Glynx - a download manager.
Version history:
1.026:
- simple GET and PUT forms
- reject link "c:\"
- bigger max-link-len (500 bytes)
- slave intervals on SLEEP if it is active; otherwise on TIMEOUT
- ftp-dir sends content-location
- finds ftp.pm in program's directory
- better make-dir
- escapes single-quotes reading config-file
- corrected: didn't start if had --prefix
- resume ftp transfers. Needs the custom ftp.pm module.
- base-dir is always absolute
- makerel: default is don't make backup
- verify each subdirectory for transformations
- sites with ports translate back correctly to site:port
- make_shorter_name receives untransformed url also
- separated pod file
- saves Content-Type
- can save any file attribute (delimiter is space)
- reprocessing the cache is slower, due to relative links reconstruction
- might create directories for linked sites, if it is necessary to create reference files
1.025:
- correction (again...) in slave mode variables save/restore
- included simple web front-end in eg directory
1.024:
new options:
--name-len-max= Limit filename size
--dir-depth-max= Limit directory depth
--cookies=FILE
--auth=
--makerel Make relative links
- makerel will make relative links to other sites;
will process last depth;
save modified page and make a backup of the original page.
- better error handling on command line url "protocol error"
- use env_proxy
- my_link started
- $RETRY_TIMEOUT_MULTIPLIER set to 2
1.023:
- better redirect, but perl "link" is copying instead of linking
- --mirror option (304)
- --mediaext option
- sets file dates to last-modified
1.022:
- multiple --prefix and --exclude seems to be working
- uses Accept:text/html to ask for an html listing of the directory when in "ftp" mode.
- corrected errors creating directory and copying file on linux
1.021:
- uses URI::Heuristic on command-line URL
- shows error response headers (if verbose)
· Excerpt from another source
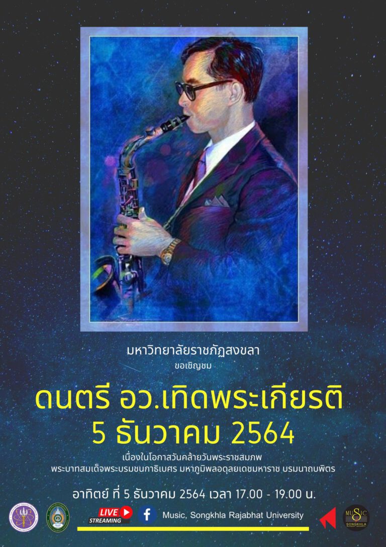 มหาวิทยาลัยราชภัฏสงขลา (มรภ.สงขลา) ขอเชิญชม“ดนตรี อว.เทิดพระเกียรติ 5 ธันวาคม 2564”ในวันอาทิตย์ ที่ 5 ธันวาคม 2564 เวลา 17.00-19.00 น. ผ่านทางLive Streaming on Fanpage: Music, Songkhla Rajabhat Universityเนื่องในโอกาสวันคล้ายวันพระราชสมภพ พระบาทสมเด็จพระบรมชนกาธิเบศร มหาภูมิพลอดุลยเดชมหาราช บรมนาถบพิตร โดยการแสดงดนตรีจากคณาจารย์และนักศึกษาสาขาวิชาดุริยางคศิลป์ตะวันตก คณะศิลปกรรมศาสตร์ มรภ.สงขลา
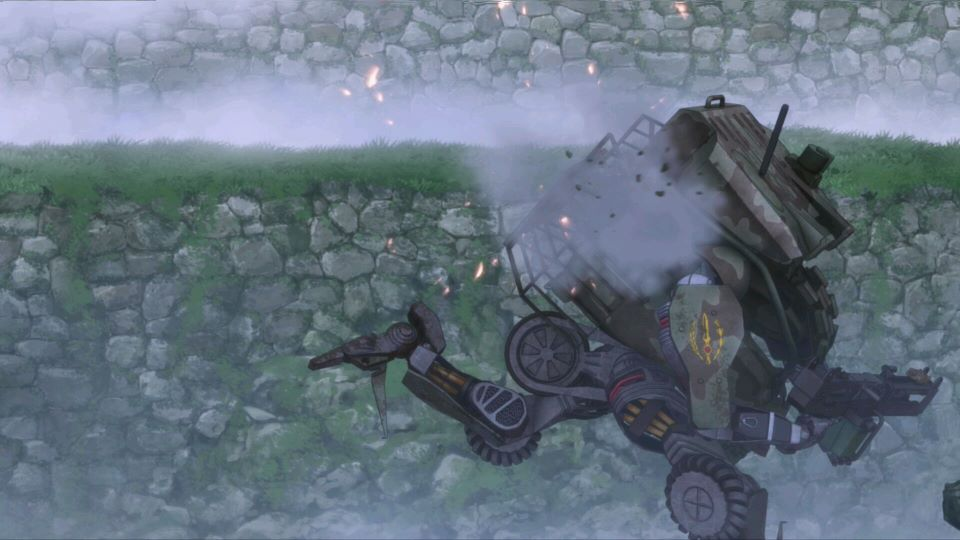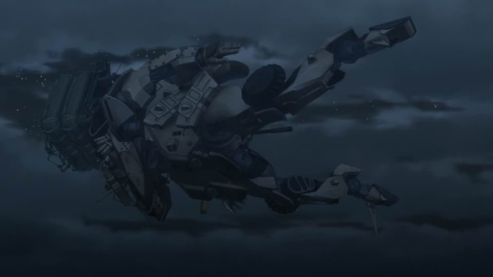 敌机甲机枪塔中弹,注意机甲两臂均举起,有一个类似护头的动作。这个很有意思,因为显然机甲并没有头,遭射击的情况下要保护的其实应该是后背乘员所在的位置。这个动作应是乘坐者出于本能做出的,而机甲则不加判断地忠实再现了这个动作。

- look at the 3rd parameter on 206 (when available -- otherwise it gives 500),
Content-Length: 637055 --> if "206" this is "chunk" size
Content-Range: bytes 1449076-2086130/2086131 --> THIS is file size
- prefix of: http://rd.yahoo.com/footer/?http://travel.yahoo.com/
should be: http://rd.yahoo.com/footer/
- included: "wav"
- sleep had 1 extra second
- sleep makes tests even when sleep==0
1.020: oct-02-2000
- optimization: accepts 200, when expecting 206
- don't keep retrying when there is nothing to do
- 404 Not Found error sometimes means "can't connect" - uses "--404-retry"
- file read = binmode
1.019: - restart if program was modified (-M $0)
- include "mov"
- stop, restart
1.018: - better copy, rename and unlink
- corrected binary dump when slave
- comparacao de tamanho de arquivos corrigida
- span e' um comando de css, que funciona como "a" (a href == span href);
span class is not java
1.017: - sleep prints dots if verbose.
- daemon mode (--slave)
- url and input file are optional
1.016: sept-27-2000
- new name "glynx.pl"
- verbose/quiet
- exponential timeout on retry
- storage control is a bit more efficient
- you can filter the processing of a dump file using prefix, exclude, subst
- more things in english, lots of new "to-do"; "goals" section
- rename config file to glynx.ini
1.015: - first published version, under name "get.pl"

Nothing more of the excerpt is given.